(Provided material begins)

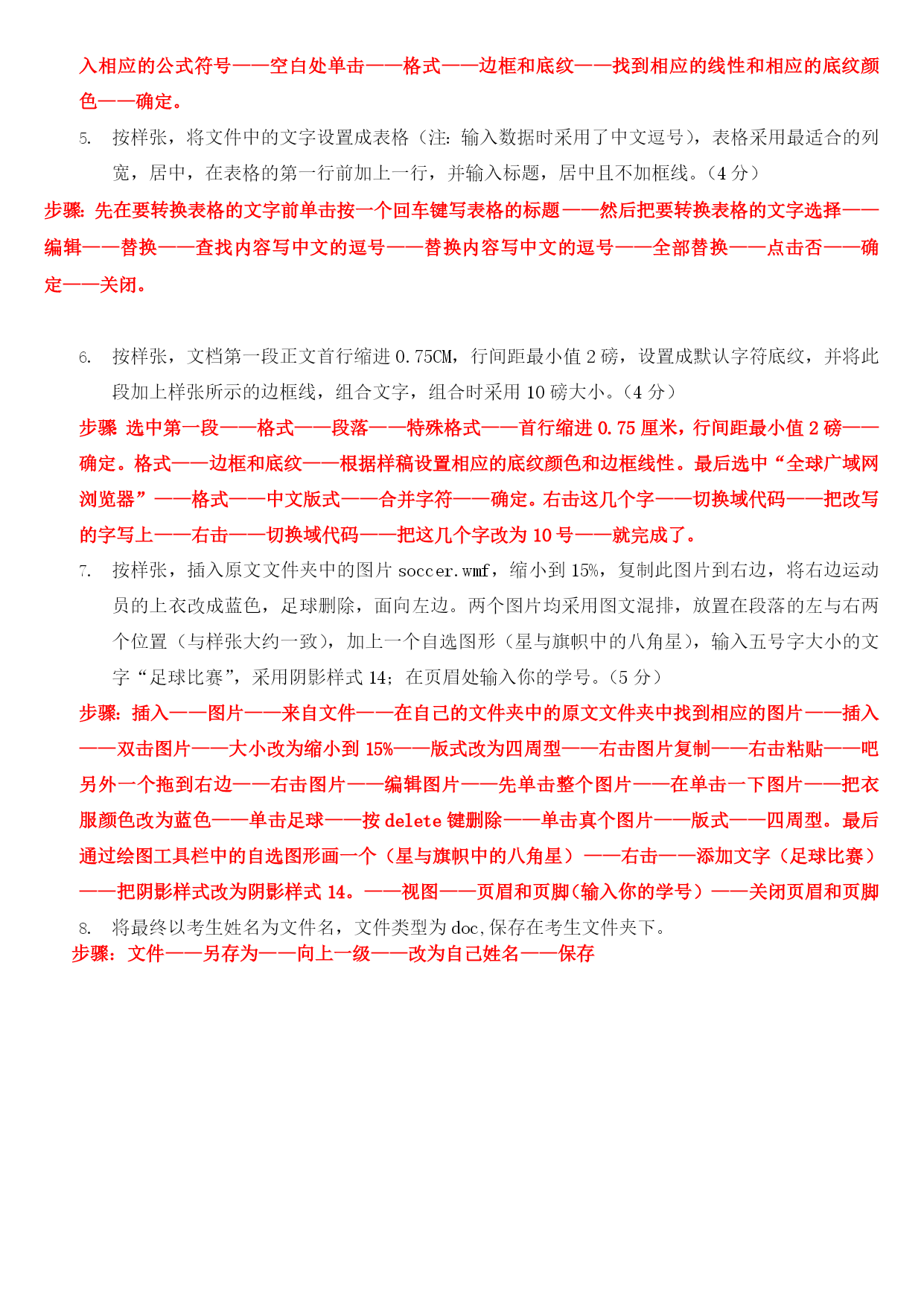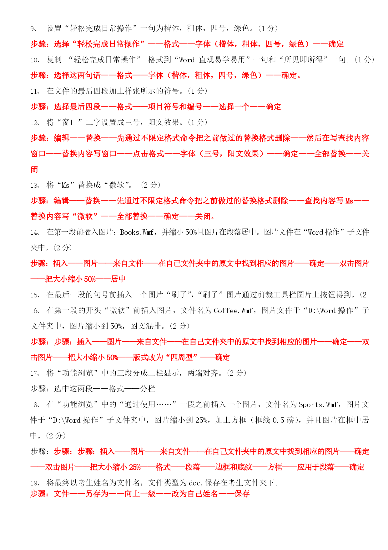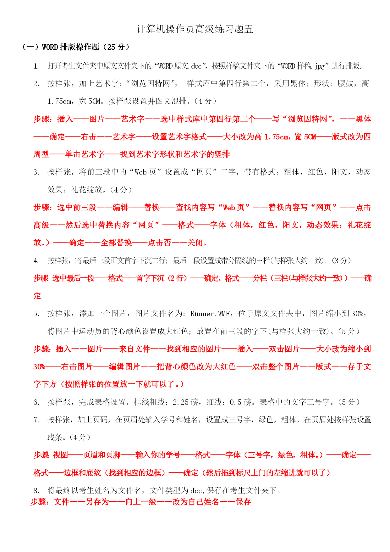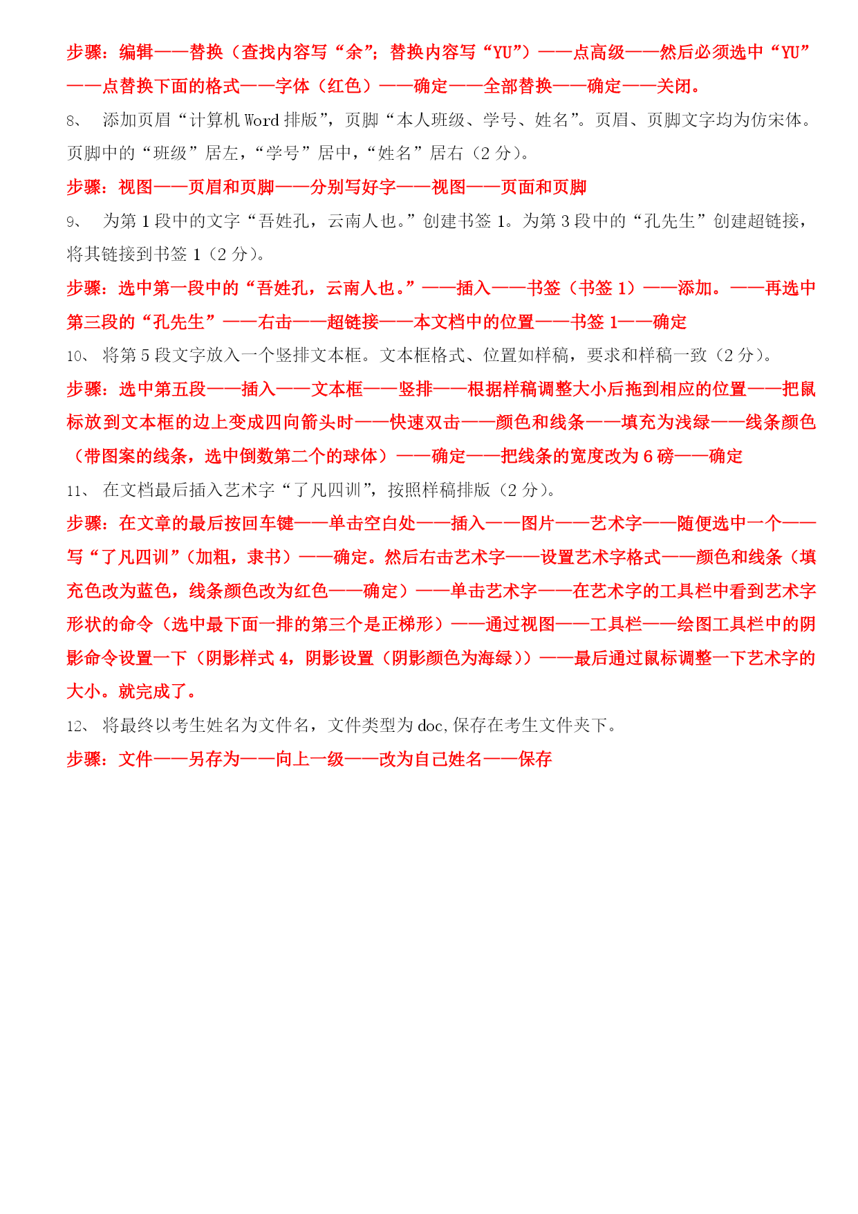 计算机操作员高级练习题一(一)WORD排版操作题(25分)打开考生文件夹中原文文件夹下的“WORD原文.doc”,按照样稿文件夹下的“WORD样稿.jpg”进行排版。给文章加上标题“立命之学”。其排版格式为:小一号隶书体,红色,居中,字符间距加宽6磅,黄色底纹,图案样式为10%,图案颜色自动,1.5磅蓝色单波浪线边框(2分)。步骤:先在文章顶端单击一下按回车键写“立命之学”,然后选择“立命之学”——格式——字体(小一号隶书体,红色,居中,字符间距加宽6磅)——确定。格式——边框和底纹(黄色底纹,图案样式为10%,图案颜色自动,1.5磅蓝色单波浪线边框)——边框和底纹都是应用文字——确定。给上述标题加尾注。尾注文字为“作者:明朝袁了凡。”(2分)。步骤:选中标题——插入——引用——脚注和尾注——点尾注——把编码的格式改一下——插入——写“作者:明朝袁了凡。”——就完成了。全文每段首行缩进2个字符。第1段段前、段后间距各10磅,行间距20磅,小四号行楷,粉红色双波浪下划线。第2段1.5倍行间距,小四号绿色仿宋体,字间距紧缩0.5磅,“亦真亦幻”文字效果(2+2分)。步骤:选中全文——格式——段落——特殊格式——首行缩进(2个字符)——确定。然后选中第一段——格式——段落(段前、段后间距各10磅,行间距20磅,)——确定——格式——字体(小四号行楷,粉红色双波浪下划线)——确定;在选中第二段——格式——段落(1.5倍行间距)——确定。格式——字体(小四号绿色仿宋体,字间距紧缩0.5磅,“亦真亦幻”文字效果)——确定。第3段1.5倍行间距,分成三栏,栏间距0.5厘米,加栏线。在该段的第二栏中插入“计算器”窗口(标准型)的图片。图片大小为4.5×4.5厘米,图片位置、格式如样稿(2+2分)。步骤:选中第三段——格式——段落(1.5倍行间距)——确定。格式——分栏——分成三栏,栏间距0.5厘米,加栏线。最后通过开设——所有程序——附件把“计算机”打开(按alt+printscreen)截屏键把计算机截下来——放到第二栏中右击——粘贴——双击图片——大小设置为(4.5×4.5厘米)——确定。最后单击图片——在图片的前面和后面都按一个回车键——单击图片——格式——边框和底纹——(边框,线条颜色改为橙色,宽度改为2.5磅)——应用于段落——确定。就成功了。将第4段和第5段交换位置。交换后的第4段设置首字下沉2行。首字用魏碑体。第4段文本用小四号楷体,缩放130%(1+2分)。步骤:把第四段选中——右击——剪切——放到第五段后面单击一下按回车——右击粘贴——选中换过位置的第四段——格式——首字下沉(首字下沉2行)——确定,格式——字体(小四号楷体,缩放130%)——确定。将文中所有的“余”字替换成红色的“YU”(2分)。步骤:编辑——替换(查找内容写“余”;替换内容写“YU”)——点高级——然后必须选中“YU”——点替换下面的格式——字体(红色)——确定——全部替换——确定——关闭。添加页眉“计算机Word排版”,页脚“本人班级、学号、姓名”。页眉、页脚文字均为仿宋体。页脚中的“班级”居左,“学号”居中,“姓名”居右(2分)。步骤:视图——页眉和页脚——分别写好字——视图——页面和页脚为第1段中的文字“吾姓孔,云南人也。”创建书签1。为第3段中的“孔先生”创建超链接,将其链接到书签1(2分)。步骤:选中第一段中的“吾姓孔,云南人也。”——插入——书签(书签1)——添加。——再选中第三段的“孔先生”——右击——超链接——本文档中的位置——书签1——确定将第5段文字放入一个竖排文本框。文本框格式、位置如样稿,要求和样稿一致(2分)。步骤:选中第五段——插入——文本框——竖排——根据样稿调整大小后拖到相应的位置——把鼠标放到文本框的边上变成四向箭头时——快速双击——颜色和线条——填充为浅绿——线条颜色(带图案的线条,选中倒数第二个的球体)——确定——把线条的宽度改为6磅——确定在文档最后插入艺术字“了凡四训”,按照样稿排版(2分)。步骤:在文章的最后按回车键——单击空白处——插入——图片——艺术字——随便选中一个——写“了凡四训”(加粗,隶书)——确定。然后右击艺术字——设置艺术字格式——颜色和线条(填充色改为蓝色,线条颜色改为红色——确定)——单击艺术字——在艺术字的工具栏中看到艺术字形状的命令(选中最下面一排的第三个是正梯形)——通过视图——工具栏——绘图工具栏中的阴影命令设置一下(阴影样式4,阴影设置(阴影颜色为海绿))——最后通过鼠标调整一下艺术字的大小。就完成了。将最终以考生姓名为文件名,文件类型为doc,保存在考生文件夹下。步骤:文件——另存为——向上一级——改为自己姓名——保存计算机
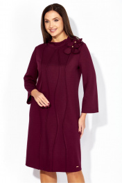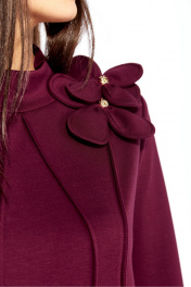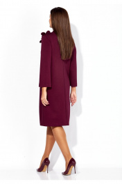 Платье женское, чуть А-силуэта, с втачным рукавом, длинной 7/8. По центу переда объемные , фигурные рельефы. Горловина оформлена небольшой мягкой стойкой. Декором служат съемные цветки-броши. По низу платья отделочная нашивка. Спинка со средним швом. Платье изготовлено из трикотажного полотна "тенсел".
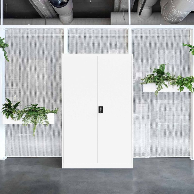 JAN II dokumentu skapis ir izgatavots ļoti estētiski – baltā krāsā tas lieliski iederēsies jebkurā vidē. Projektējot to, mēs darījām visu iespējamo, lai nodrošinātu, ka tas ir pēc iespējas izturīgāks un vienlaikus funkcionāls. Esam to aprīkojuši ar regulējamiem plauktiem, pateicoties kuriem varat pielāgot tā struktūru savām vajadzībām. Mūsu metāla skapim ir caurumi aizmugurējā un sānu sienās, kas ļauj to piestiprināt pie sienas. Tas palielinās ikdienas lietošanas drošību.
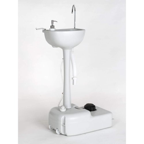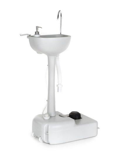 Umyvadlo přenosné. Přenosné stojanové umyvadlo lze využít na chatě, v kempu, v karavanu či na farmářských trzích, stáncích s občerstvením, všude tam, kde jsou kladeny požadavky na hygienu a potřebu zajištění …

(Provided material ends)

Your answer must reproduce exactly the lines from the line with "JAN II dokumentu" through the end of the material, both ends included, with every picture dropped.

Exercise output:
 JAN II dokumentu skapis ir izgatavots ļoti estētiski – baltā krāsā tas lieliski iederēsies jebkurā vidē. Projektējot to, mēs darījām visu iespējamo, lai nodrošinātu, ka tas ir pēc iespējas izturīgāks un vienlaikus funkcionāls. Esam to aprīkojuši ar regulējamiem plauktiem, pateicoties kuriem varat pielāgot tā struktūru savām vajadzībām. Mūsu metāla skapim ir caurumi aizmugurējā un sānu sienās, kas ļauj to piestiprināt pie sienas. Tas palielinās ikdienas lietošanas drošību.
 Umyvadlo přenosné. Přenosné stojanové umyvadlo lze využít na chatě, v kempu, v karavanu či na farmářských trzích, stáncích s občerstvením, všude tam, kde jsou kladeny požadavky na hygienu a potřebu zajištění …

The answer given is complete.